1a. Objectives (from AD-416)
1) Evaluate the effects of fire, mechanical treatments, livestock grazing, introduced invasive weeds, western juniper expansion, and climate on the vegetation and watershed function of sagebrush steppe rangelands. 2) Improve our understanding of livestock behavior and livestock/environment interactions. Improve tools to manipulate livestock behavior and grazing patterns. 3) Understand mechanisms of weed invasion and develop management strategies that can be used to restore rangelands that have been degraded by weeds or other disturbances.

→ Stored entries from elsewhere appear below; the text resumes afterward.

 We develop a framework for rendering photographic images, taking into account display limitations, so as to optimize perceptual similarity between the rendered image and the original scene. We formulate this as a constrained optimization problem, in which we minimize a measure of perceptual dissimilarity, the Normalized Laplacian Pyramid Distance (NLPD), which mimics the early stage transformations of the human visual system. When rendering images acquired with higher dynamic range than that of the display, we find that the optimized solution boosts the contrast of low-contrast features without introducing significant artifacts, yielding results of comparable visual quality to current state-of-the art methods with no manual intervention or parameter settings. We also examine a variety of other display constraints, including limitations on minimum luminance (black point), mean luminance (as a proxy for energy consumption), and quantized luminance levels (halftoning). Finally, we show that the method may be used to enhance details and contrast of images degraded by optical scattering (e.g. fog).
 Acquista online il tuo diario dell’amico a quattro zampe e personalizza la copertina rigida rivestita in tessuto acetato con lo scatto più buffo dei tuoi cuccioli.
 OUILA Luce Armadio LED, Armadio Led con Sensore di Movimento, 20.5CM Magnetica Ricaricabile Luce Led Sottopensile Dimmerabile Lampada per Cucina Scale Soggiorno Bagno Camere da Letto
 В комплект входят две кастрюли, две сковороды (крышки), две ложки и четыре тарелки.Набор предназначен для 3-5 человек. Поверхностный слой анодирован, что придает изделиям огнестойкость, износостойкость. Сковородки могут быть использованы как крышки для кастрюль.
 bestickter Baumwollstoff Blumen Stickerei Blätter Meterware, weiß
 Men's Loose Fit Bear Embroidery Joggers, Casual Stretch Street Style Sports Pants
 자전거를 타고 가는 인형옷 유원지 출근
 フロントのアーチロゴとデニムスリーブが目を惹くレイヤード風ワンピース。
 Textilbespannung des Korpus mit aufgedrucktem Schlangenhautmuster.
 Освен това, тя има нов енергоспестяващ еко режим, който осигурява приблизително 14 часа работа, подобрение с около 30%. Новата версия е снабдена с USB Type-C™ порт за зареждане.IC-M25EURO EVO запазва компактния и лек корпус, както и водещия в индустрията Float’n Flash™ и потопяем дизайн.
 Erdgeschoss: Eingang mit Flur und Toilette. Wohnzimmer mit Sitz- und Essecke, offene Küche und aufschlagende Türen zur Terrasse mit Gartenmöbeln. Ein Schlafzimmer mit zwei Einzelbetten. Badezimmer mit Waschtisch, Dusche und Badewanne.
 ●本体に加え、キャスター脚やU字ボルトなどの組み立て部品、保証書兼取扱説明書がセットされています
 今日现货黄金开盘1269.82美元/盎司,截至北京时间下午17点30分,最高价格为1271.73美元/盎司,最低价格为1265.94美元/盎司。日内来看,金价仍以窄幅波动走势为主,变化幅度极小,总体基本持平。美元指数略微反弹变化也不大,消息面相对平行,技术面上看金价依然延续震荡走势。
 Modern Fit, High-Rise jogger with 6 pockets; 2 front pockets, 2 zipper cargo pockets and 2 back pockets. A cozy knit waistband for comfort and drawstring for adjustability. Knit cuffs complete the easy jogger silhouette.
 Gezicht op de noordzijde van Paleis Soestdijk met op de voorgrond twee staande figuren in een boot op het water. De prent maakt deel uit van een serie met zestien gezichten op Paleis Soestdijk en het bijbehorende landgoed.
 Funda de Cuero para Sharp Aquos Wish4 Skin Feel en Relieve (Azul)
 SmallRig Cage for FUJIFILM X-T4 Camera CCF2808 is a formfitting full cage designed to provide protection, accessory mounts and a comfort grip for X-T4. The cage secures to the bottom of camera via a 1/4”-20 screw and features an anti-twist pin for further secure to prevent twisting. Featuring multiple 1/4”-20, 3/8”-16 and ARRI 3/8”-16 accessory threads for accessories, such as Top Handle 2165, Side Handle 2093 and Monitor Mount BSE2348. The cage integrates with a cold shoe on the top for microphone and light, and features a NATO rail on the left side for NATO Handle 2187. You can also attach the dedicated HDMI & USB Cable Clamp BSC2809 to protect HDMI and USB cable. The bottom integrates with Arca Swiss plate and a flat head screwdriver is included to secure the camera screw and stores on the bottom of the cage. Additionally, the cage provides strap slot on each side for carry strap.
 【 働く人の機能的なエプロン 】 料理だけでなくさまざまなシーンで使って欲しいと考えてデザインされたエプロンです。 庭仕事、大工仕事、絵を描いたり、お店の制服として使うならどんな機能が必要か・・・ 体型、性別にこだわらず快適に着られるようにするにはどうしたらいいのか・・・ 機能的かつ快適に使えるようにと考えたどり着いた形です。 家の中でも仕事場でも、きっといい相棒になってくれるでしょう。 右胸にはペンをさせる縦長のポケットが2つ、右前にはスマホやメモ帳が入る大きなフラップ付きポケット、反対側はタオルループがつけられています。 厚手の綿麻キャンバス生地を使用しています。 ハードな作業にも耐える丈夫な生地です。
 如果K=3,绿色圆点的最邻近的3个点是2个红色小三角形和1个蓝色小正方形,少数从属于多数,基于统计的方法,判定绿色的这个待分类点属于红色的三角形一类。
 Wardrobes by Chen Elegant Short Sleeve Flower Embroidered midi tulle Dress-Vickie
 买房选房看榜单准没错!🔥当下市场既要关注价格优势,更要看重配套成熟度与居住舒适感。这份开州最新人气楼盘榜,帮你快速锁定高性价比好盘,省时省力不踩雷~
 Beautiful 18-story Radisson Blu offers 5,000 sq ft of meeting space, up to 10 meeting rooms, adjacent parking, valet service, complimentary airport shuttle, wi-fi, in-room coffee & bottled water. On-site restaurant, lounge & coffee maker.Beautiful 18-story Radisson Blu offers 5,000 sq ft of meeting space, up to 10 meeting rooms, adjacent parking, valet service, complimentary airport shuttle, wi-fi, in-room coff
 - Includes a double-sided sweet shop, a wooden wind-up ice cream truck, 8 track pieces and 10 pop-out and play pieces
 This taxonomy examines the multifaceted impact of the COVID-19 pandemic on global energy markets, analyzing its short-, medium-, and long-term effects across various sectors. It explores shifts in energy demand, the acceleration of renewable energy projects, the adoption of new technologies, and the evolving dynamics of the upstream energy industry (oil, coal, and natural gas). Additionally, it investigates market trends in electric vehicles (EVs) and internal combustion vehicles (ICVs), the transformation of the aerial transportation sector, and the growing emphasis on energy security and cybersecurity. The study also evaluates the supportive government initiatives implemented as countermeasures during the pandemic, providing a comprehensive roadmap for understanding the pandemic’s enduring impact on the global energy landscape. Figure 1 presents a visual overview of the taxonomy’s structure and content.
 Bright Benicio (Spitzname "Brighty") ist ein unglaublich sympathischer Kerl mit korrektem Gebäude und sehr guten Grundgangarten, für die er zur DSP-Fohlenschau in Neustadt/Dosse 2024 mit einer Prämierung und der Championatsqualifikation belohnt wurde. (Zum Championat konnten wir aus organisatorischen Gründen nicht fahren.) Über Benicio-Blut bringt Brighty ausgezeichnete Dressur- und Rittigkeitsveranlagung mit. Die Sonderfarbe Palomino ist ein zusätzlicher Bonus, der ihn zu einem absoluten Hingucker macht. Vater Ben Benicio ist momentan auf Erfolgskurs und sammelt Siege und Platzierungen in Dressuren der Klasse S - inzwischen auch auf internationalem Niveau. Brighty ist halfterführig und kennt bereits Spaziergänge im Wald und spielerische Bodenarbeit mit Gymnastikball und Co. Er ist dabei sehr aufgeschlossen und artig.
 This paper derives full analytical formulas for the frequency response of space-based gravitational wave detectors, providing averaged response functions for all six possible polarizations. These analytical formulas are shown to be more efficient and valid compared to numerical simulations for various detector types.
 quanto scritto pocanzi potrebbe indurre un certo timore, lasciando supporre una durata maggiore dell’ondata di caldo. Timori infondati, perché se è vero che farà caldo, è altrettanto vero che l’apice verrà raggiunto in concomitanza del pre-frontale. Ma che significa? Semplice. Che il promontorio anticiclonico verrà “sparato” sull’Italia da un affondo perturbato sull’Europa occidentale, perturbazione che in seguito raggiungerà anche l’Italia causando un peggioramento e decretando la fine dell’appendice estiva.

1b. Approach (from AD-416)
The mission of the Burns unit is to provide the science for sound land and livestock management. This five-year plan builds on a rich history of research at this location, in some cases reaching back to the 1940's. Rangelands of the Great Basin are spatially variable and land ownership patterns are a complex mix of public and private land. Annual weather variation is high, and can obscure vegetation responses to management treatments. Ranching forms the basis of the regional economy, underscoring the importance of forage production, and the large percentage of public land in the region translates into public scrutiny of management actions, and a focus on environmental impacts and biodiversity. Invasive species and expanding juniper populations represent major threats to existing land uses and values. Our research program has evolved with substantial public input and addresses questions raised by our customers. Land managers in this region are faced with information gaps in basic sagebrush steppe ecology, vegetation responses to management actions, plant community restoration, seedling establishment and livestock grazing management. Our research program will fill some of those gaps while expanding and enhancing current ecological theory and building on our long-term data sets. The unit also has a commitment to synthesizing research information and developing management tools. Formerly 5360-11630-005-00D (1/08).
3. Progress Report
Progress was made on all three objectives and their sub objectives during the past year. All the objectives covered in this report fall under National Program 215, Component 1, Problem A. Under Objective 1.A we continue to collect data on the hydrologic inputs and outflows from four small watersheds (< 100ha) near Jordan Valley, Oregon in far southeastern Oregon. This research is cooperative with the ARS unit in Boise, Idaho. The initial research conducted under Objective 1.B has been published and shows that deferment of grazing after prescribed fire had little impact on vegetation composition or productivity. Long-term measurements of both productivity and composition are being continued on the site. We continue to measure both climate and vegetation composition in and outside of our 13 grazing enclosures at the experimental range. This past year we also worked on summarizing and analyzing 70 years of climate data from the experimental range. The focus this past year under Objective 2 has been to summarize and analyze the large data sets associated with the livestock behavior GPS research. The data relates to grazing behavior of different classes of cows, and factors influencing grazing distribution in very large pastures (> 25,000 ha). Data collection has been completed for objective 3.A and we are currently analyzing the data, and several manuscripts have been submitted. Because of the number of zeroes associated with seedling establishment data, we have enlisted the assistance of the Area statistician to ensure the appropriate analysis techniques are applied. Results associated with objective 3.B show that leaf nitrogen productivity (leaf mass per unit of N) was the key trait contributing to variation in N capture among the invasive species tested. A portion of the data has been published and analysis of additional date was continued this past year. The initial results from objective 3.C have been published and additional publications are in progress. Objective 3.D is focused on long-term vegetation trends after juniper management and during the past year vegetation measurements were continued to quantify changes in plant community composition. Manuscript preparation is underway.
1. Reseeding is commonly used to improve forage production on rangelands. Each year millions of dollars are lost on rangeland reseeding failures. After years of research on this topic, success rates are still variable and relatively low. ARS scientists from Burns, Oregon identified the stage of seedling establishment which appears to limit success rates. Follow-up research is currently underway to incorporate this knowledge into management systems. Better reseeding techniques would improve forage production for both public land management agencies and private landowners.